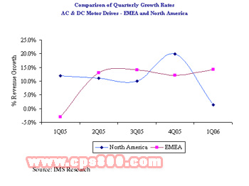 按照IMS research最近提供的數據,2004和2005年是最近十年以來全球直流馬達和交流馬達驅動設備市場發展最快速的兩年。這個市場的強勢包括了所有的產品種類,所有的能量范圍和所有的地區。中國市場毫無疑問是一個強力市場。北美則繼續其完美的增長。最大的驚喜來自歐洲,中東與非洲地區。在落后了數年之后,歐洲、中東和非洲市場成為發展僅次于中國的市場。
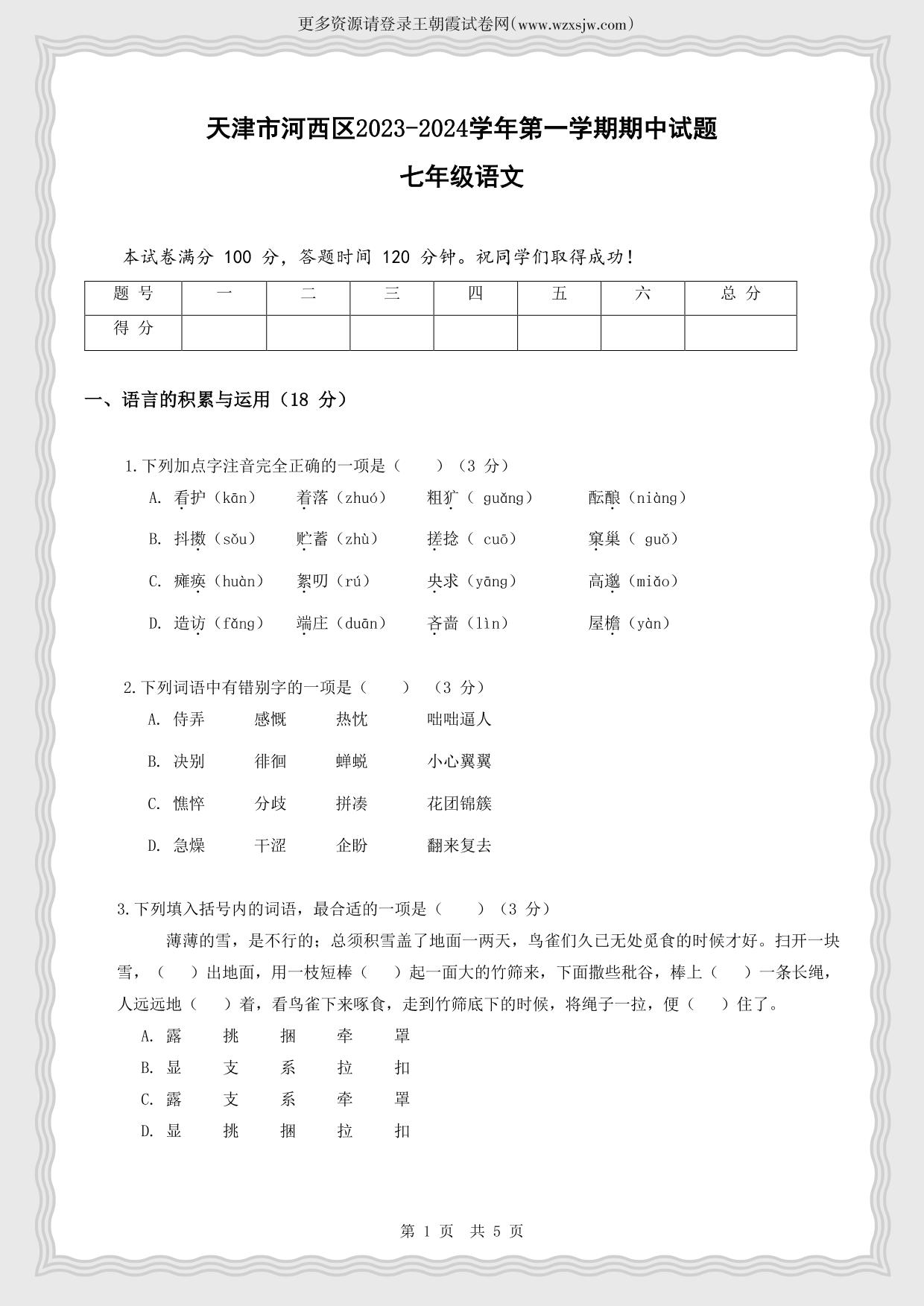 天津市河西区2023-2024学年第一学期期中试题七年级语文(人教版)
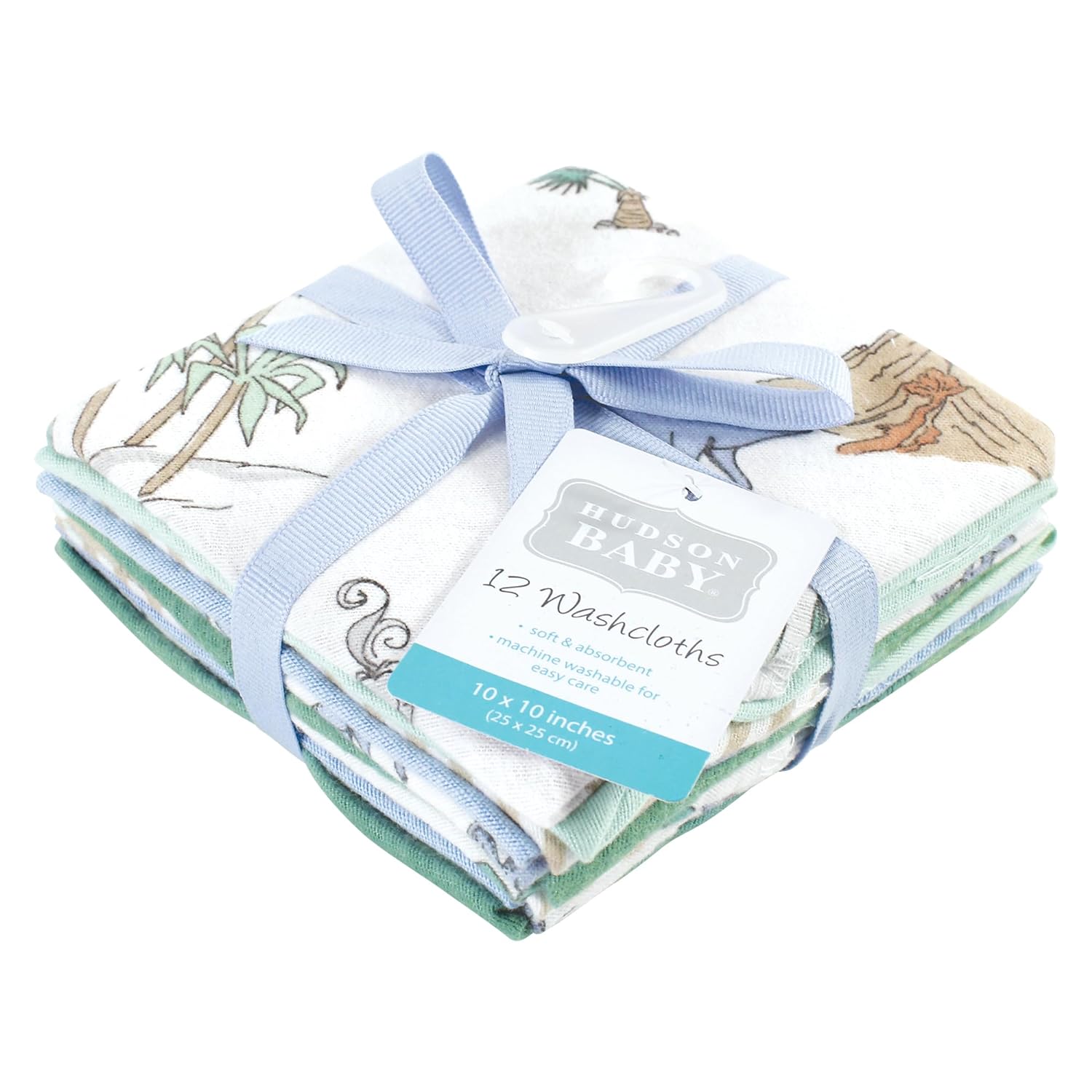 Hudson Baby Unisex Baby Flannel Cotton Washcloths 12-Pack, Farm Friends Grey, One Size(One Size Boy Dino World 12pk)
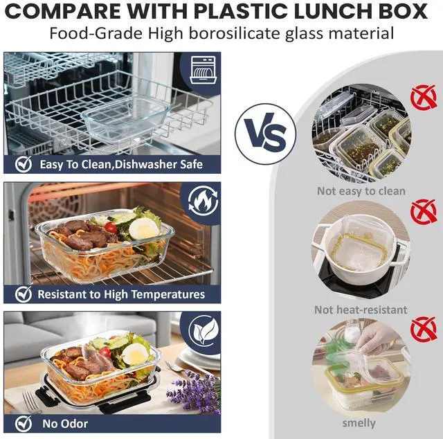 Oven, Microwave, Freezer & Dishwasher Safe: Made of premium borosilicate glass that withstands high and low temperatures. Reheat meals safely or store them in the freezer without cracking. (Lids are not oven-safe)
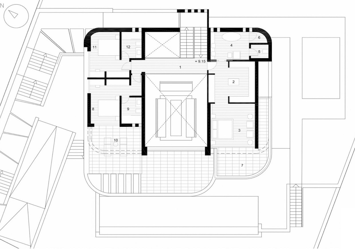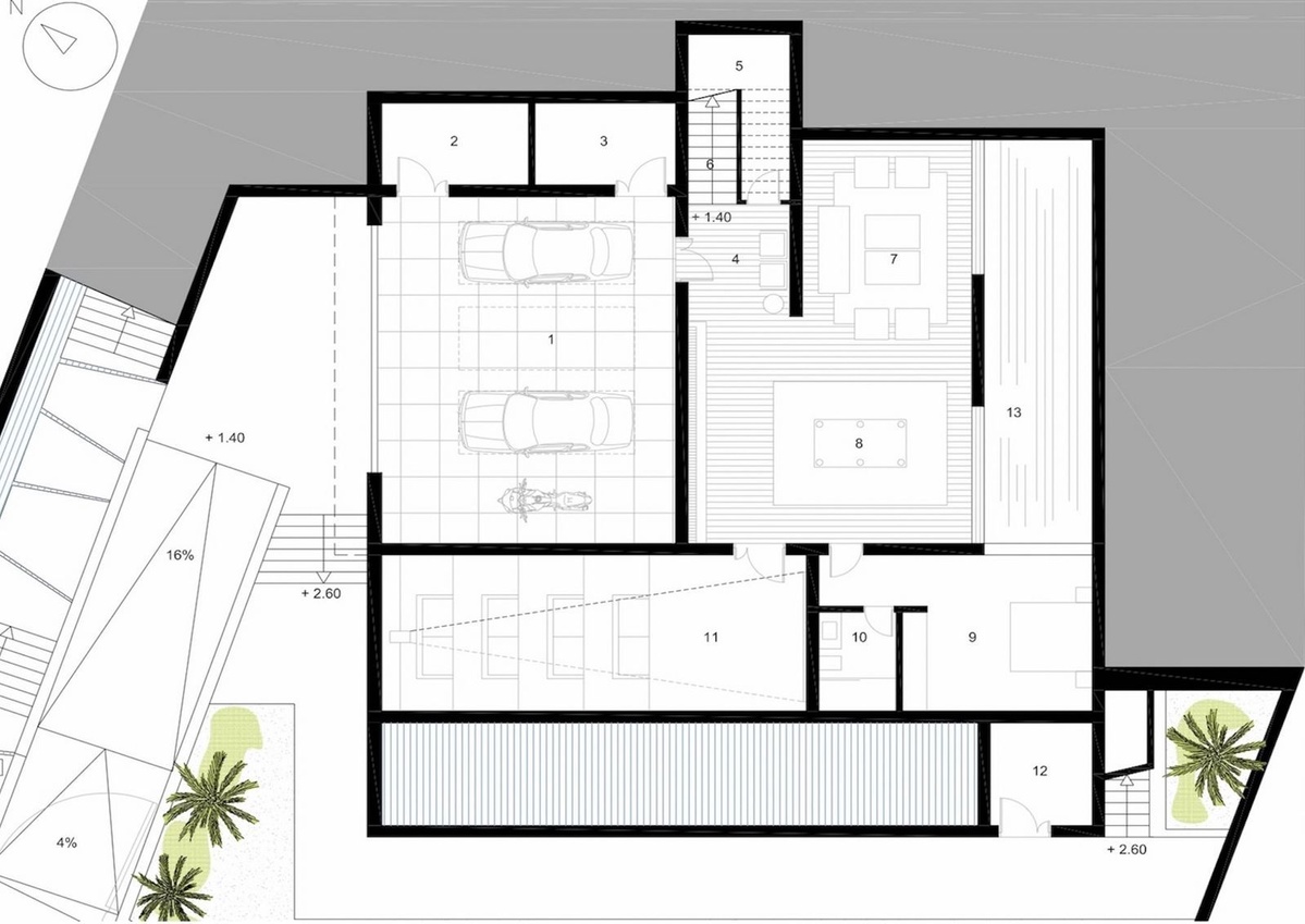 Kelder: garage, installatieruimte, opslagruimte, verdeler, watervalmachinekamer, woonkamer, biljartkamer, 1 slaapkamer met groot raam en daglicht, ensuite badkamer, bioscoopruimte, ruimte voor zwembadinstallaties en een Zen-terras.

##############################

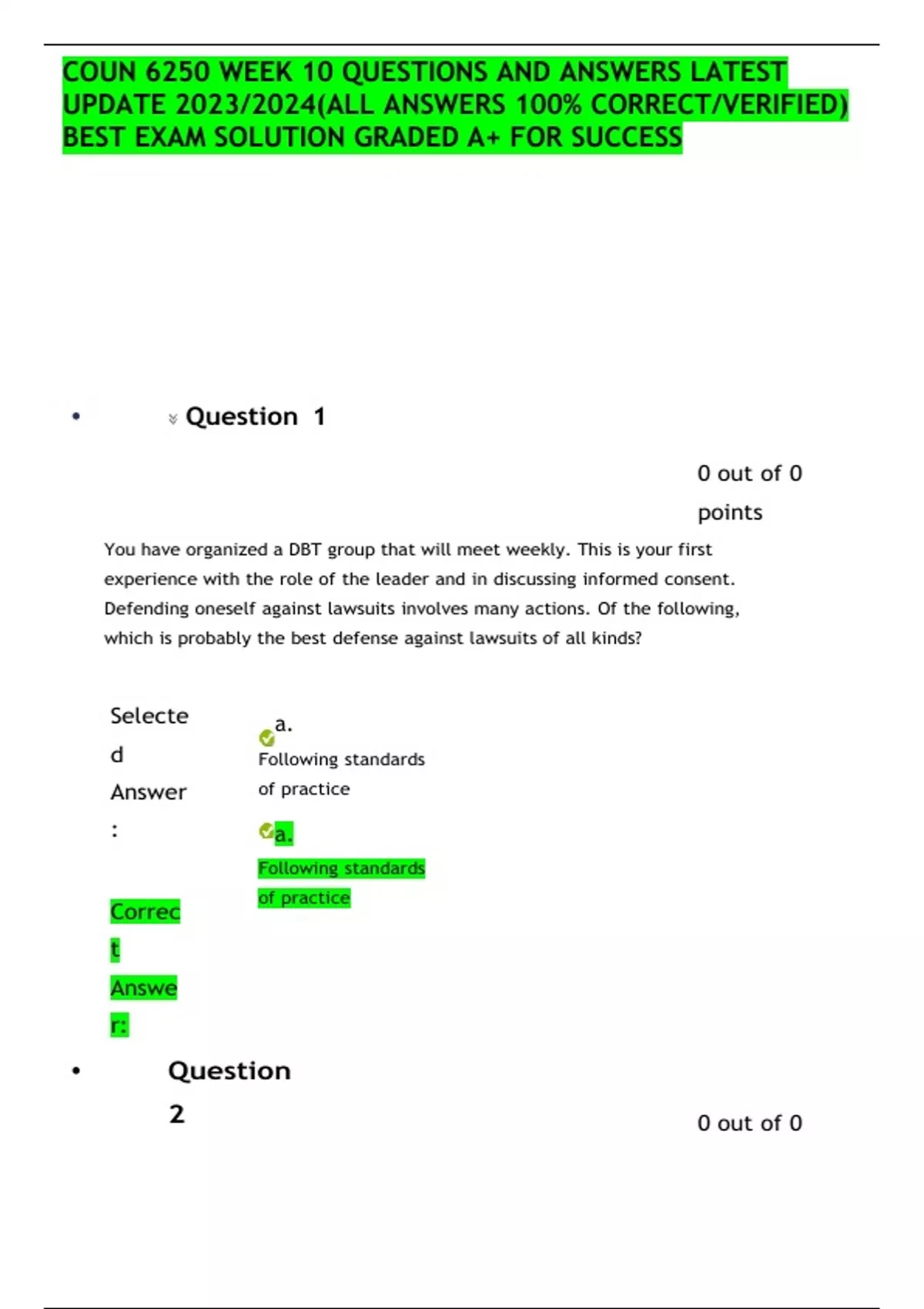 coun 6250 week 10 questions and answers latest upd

##############################

Using the records above, repeat exactly the run of lines that starts with the line with "按照IMS research" and goes on through the line with "Hudson Baby Unisex"; omit each picture.

 按照IMS research最近提供的數據,2004和2005年是最近十年以來全球直流馬達和交流馬達驅動設備市場發展最快速的兩年。這個市場的強勢包括了所有的產品種類,所有的能量范圍和所有的地區。中國市場毫無疑問是一個強力市場。北美則繼續其完美的增長。最大的驚喜來自歐洲,中東與非洲地區。在落后了數年之后,歐洲、中東和非洲市場成為發展僅次于中國的市場。
 天津市河西区2023-2024学年第一学期期中试题七年级语文(人教版)
 Hudson Baby Unisex Baby Flannel Cotton Washcloths 12-Pack, Farm Friends Grey, One Size(One Size Boy Dino World 12pk)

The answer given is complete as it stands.